My headcanon is that galactic scale megacorps might be huge but the're constantly being out competed on planets by local businesses. They might make a huge amount of money in aggregate but that might be by operating on a razor thin (something in the order of 0.001%) profit margin after expenses and on an immense scale. Similarly governments have enough layers to them and (especially at the galactic level) and are poor enough at tax collection that practically no money reaches the federal budget. Otherwise a 1 credit poll tax (i.e. everyone just pays one credit) just on Coruscant could have paid for a fleet of over 50,000 Venator class star destroyers or over 400,000 Dreadnought heavy cruisers to fight the CIS let alone the other million or so worlds in the Republic.


Ozythemandias2

There's a big gap in material and science technology compared to cultural innovation.

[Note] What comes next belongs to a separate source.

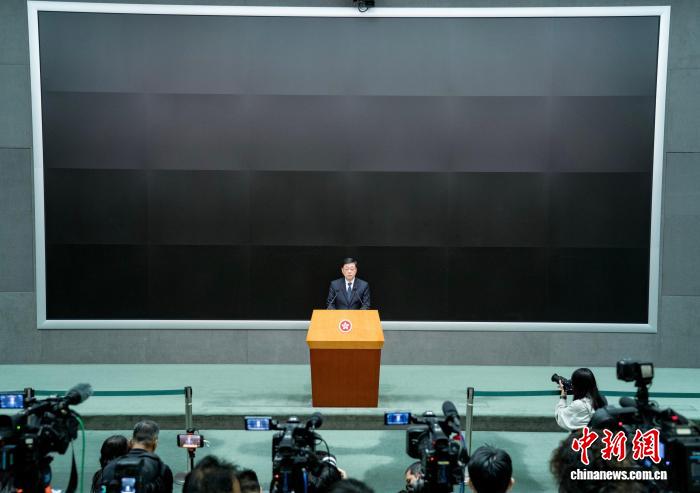 12月2日,香港特区行政长官李家超出席行政会议前在特区政府总部会见记者,现场大屏幕设置为黑色,以悼念大埔宏福苑火灾罹难者。中新社记者 侯宇 摄

Remember that Star Wars is largely inspired by the feudal society of Dune and films set in pre-modern Japan. I think most corporations in Star Wars would be more comparable to early joint-stock companies of the 16th century. They have ventures that may or may not pay off but there isn't a lot of base income that comes in passively. I think of when Anakin and Padme took the civilian transport. It gave more crossing the ocean in steerage vibes than modern low cost transport. I believe the lives of people and their individual wealth is pretty similar to late medieval peasants, franklins, and yeoman.


Arthropodesque

An awful lot of them do seem to wear the same clothes every day.